• Task objective: Exact duplicates of the lines from the top of the data through the line containing "- Brighton Kitchen" are needed, with every picture left out.

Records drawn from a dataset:
_ _ _

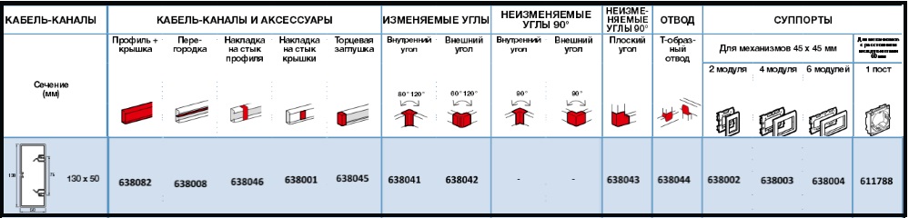 Таблица аксессуаров для Кабель Канала 130x50 арт. 638082 LEGRAND METRA УСТАНОВОЧНЫЙ ![]() Аксессуары к кабель каналу серии METRA 638082 130x50 LEGRAND 638082 130x50 Кабель канал Legrand Metra 638008 Перегородка 638046 130x50 Накладка на стык профиля 638001 130x50 Накладка на стык крышки 638045 130x50 Заглушка торцевая 638041 130x50 Внутренний угол Изменяемый 60-120° 638042 130x50 Внешний угол Изменяемый 60-120° 638043 130x50 Плоский угол 638044 130x50 Отвод Т-образный Пример: Схема монтажа Кабель-Канала LEGRAND METRA ![]()
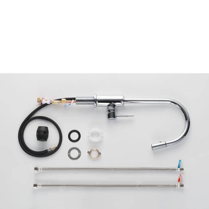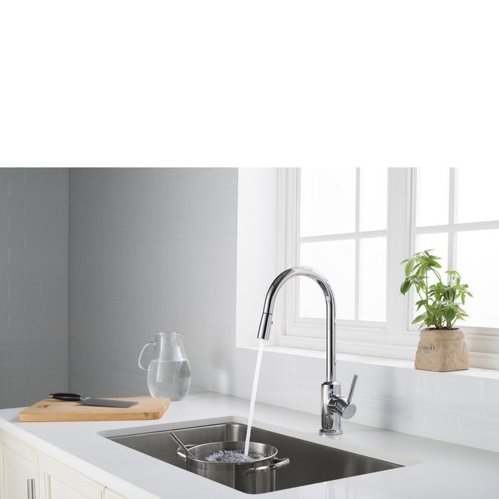 - Brighton Kitchen Faucet w/ Spray Head Gooseneck Chrome Single Lever Mixer
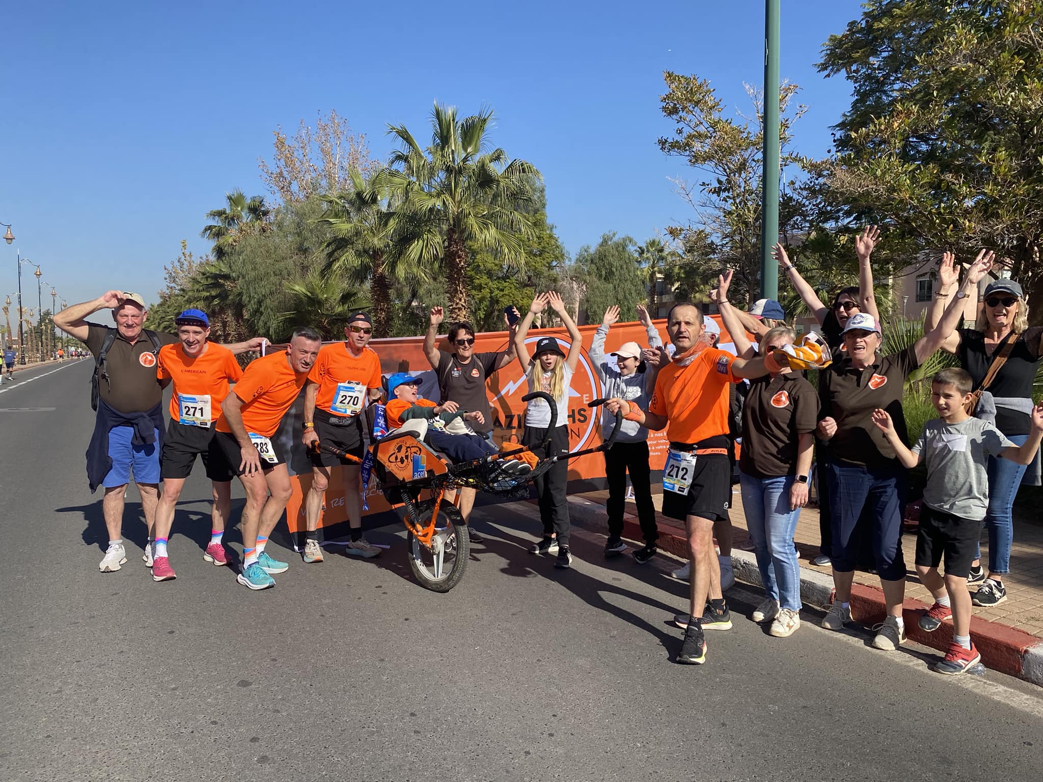 C’est la première fois que Sacha vient à Marrakech. Les PRA ne compte plus eux car de nombreuses courses se déroulent au Maroc avec un passage obligé dans cette ville impériale. Pour son baptême de joëlette à l’étranger, Sacha, qui a déjà couru avec l’association à Colmar (68), est bien décidé à capturer un maximum de souvenirs lors du Marathon. Et il a de la chance car ce n’est pas une mais trois courses qui l’attendent. En effet, la veille de l’épreuve reine est d’abord organisée une course de bienvenue. Une petite mise en jambes de 3 km réservée aux coureurs étrangers. À peine le temps de se reposer, Sacha enchaine avec la course réservée aux élèves des écoles de Marrakech. Sitôt le départ donné, c’est une vague qui déferle, multicolore, impressionnante d’énergie communicative, le souffle court et le cœur rempli d’adrénaline, Sacha en son centre.
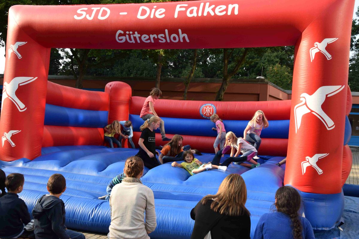 Für Spiel und Spaß sorgte das Spielmobil der „Falken Gütersloh“, die neben einer großen Hüpfburg viele Bewegungsspiele, Malangebote und auch eine Buttonmaschine im Gepäck hatten. Die Sporthelfer der Schule organisierten Fußball- und Basketballspiele, so dass alle Kinder auf ihre Kosten kamen. Der Vorsitzende des Fördervereins, Andreas Heimann, begrüßte alle Gäste der Klassen 5 und 6 und gab seiner Freude Ausdruck, dass so viele der Einladung gefolgt waren, „Mit einem solchen Zuspruch haben wir nicht gerechnet, aber wir freuen uns riesig, dass sie mit uns gemeinsam den Neustart ihrer Kinder feiern
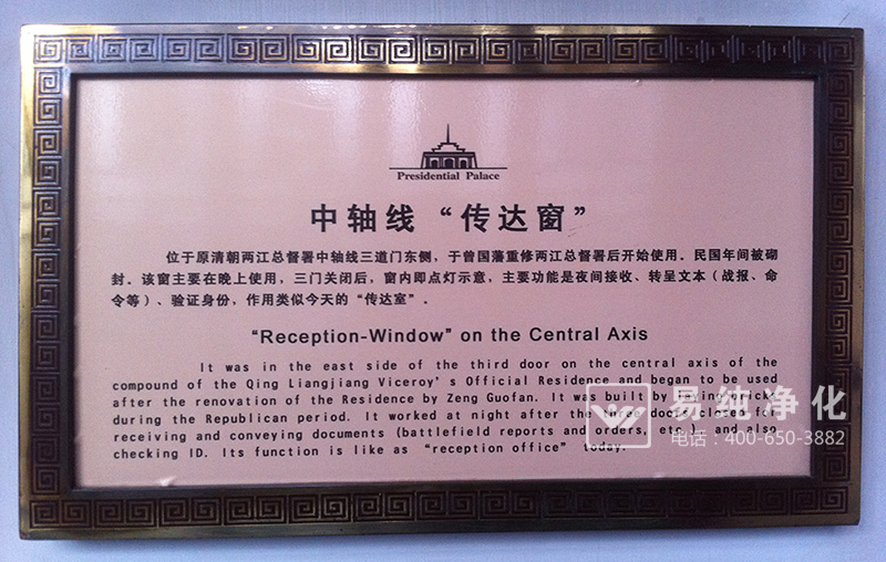 進入府邸之后,其它歷史古跡自然引起筆者深厚的探究興趣,可能是因為筆者是從事潔凈室無塵車間建設(shè)行業(yè),尤其對類似于現(xiàn)代潔凈室相關(guān)的設(shè)備特別感興趣。當(dāng)時因看到一個類似于今天的傳遞窗,特拍照下來,與諸位從業(yè)人士共享。此傳遞窗當(dāng)時稱之為傳達窗,意為傳達室,傳遞聲音和文件的窗口,現(xiàn)如今的凈化室中,稱之為傳遞窗,原先的傳遞窗也是為兩道門,只是不具備今天的傳遞窗應(yīng)用了電子控制的互鎖。那時的門衛(wèi)和守兵如果只能靠手動來控制傳遞窗的門栓了。
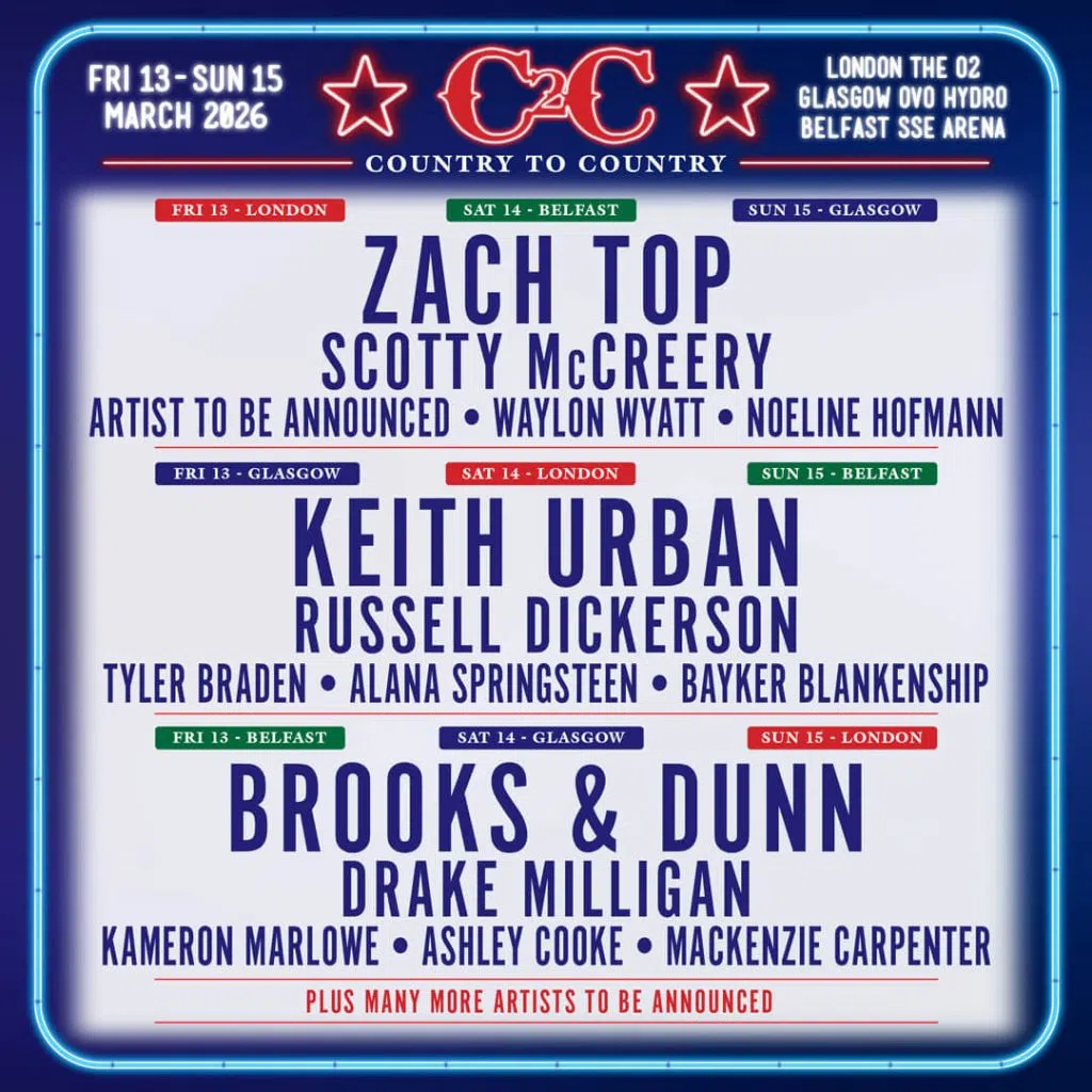 You could WIN flights, a 4-night hotel stay, welcome dinner, a London excursion experience AND passes for Country to Country Festival at the O2 Arena.
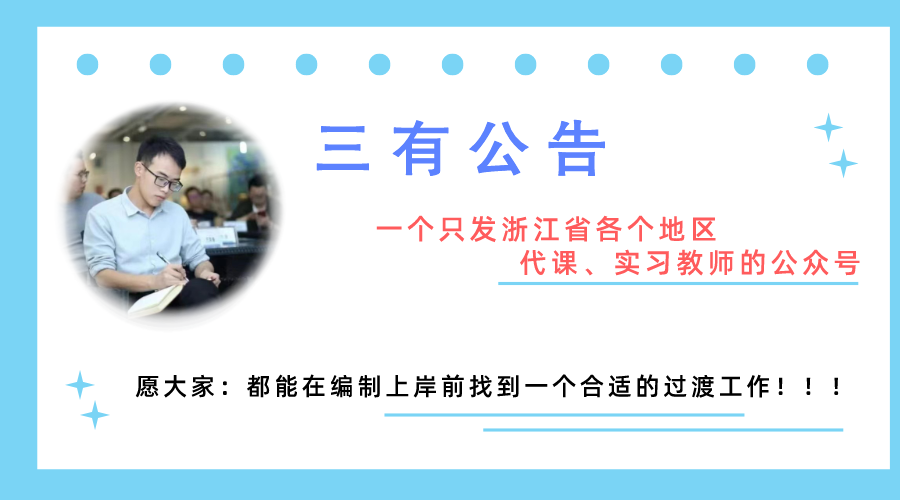 1:一个只发浙江省各个地区的代课、实习、非编的公众号;每日都更新!!!
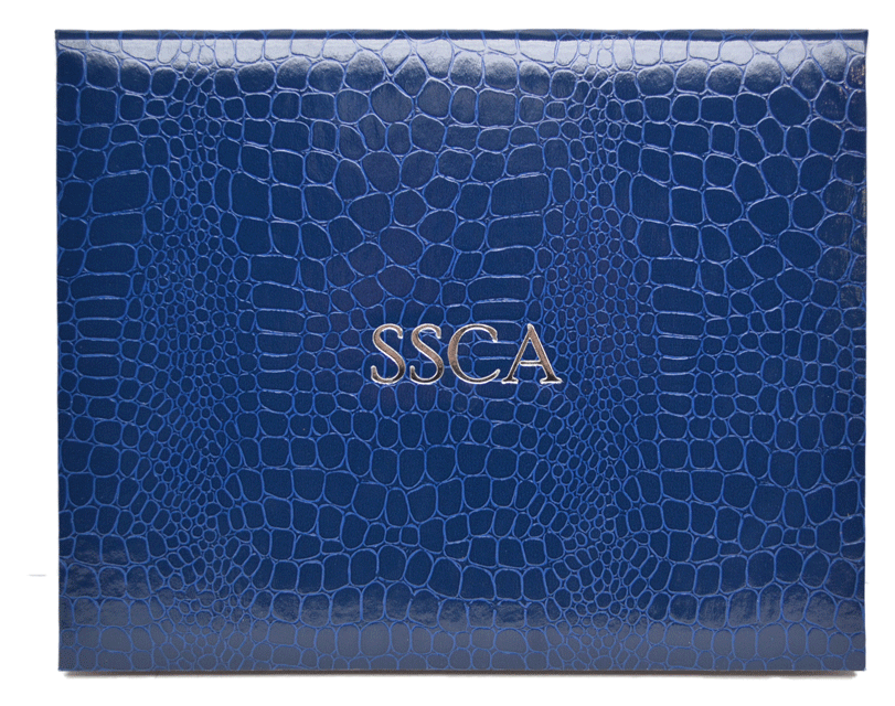 - Glossy alligator-textured leatherette cover material with padding and turned edges
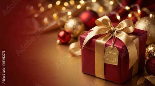 christmas, gift, present, holiday, festive, celebration, red, gold, ribbon, bokeh, ornament, bauble, decoration, wrapping, december, seasonal, winter, light, sparkle, new year, surprise, giving, love, joy, warmth, tradition, special occasion, package, box, blank, copy space, greeting, event, party, background, texture, glow, elegant, luxury, cheerful, happiness, concept, closeup, warm colors, festive season, merry
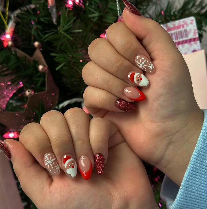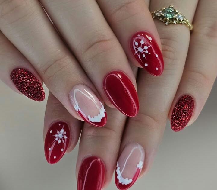 Shiny red nails are paired with subtle white snowflakes and santa hat tips. The mix of glossy red and deep red glitter gives a timeless holiday elegance.

_ _ _

• Output below:
 Таблица аксессуаров для Кабель Канала 130x50 арт. 638082 LEGRAND METRA УСТАНОВОЧНЫЙ ![]() Аксессуары к кабель каналу серии METRA 638082 130x50 LEGRAND 638082 130x50 Кабель канал Legrand Metra 638008 Перегородка 638046 130x50 Накладка на стык профиля 638001 130x50 Накладка на стык крышки 638045 130x50 Заглушка торцевая 638041 130x50 Внутренний угол Изменяемый 60-120° 638042 130x50 Внешний угол Изменяемый 60-120° 638043 130x50 Плоский угол 638044 130x50 Отвод Т-образный Пример: Схема монтажа Кабель-Канала LEGRAND METRA ![]()
 - Brighton Kitchen Faucet w/ Spray Head Gooseneck Chrome Single Lever Mixer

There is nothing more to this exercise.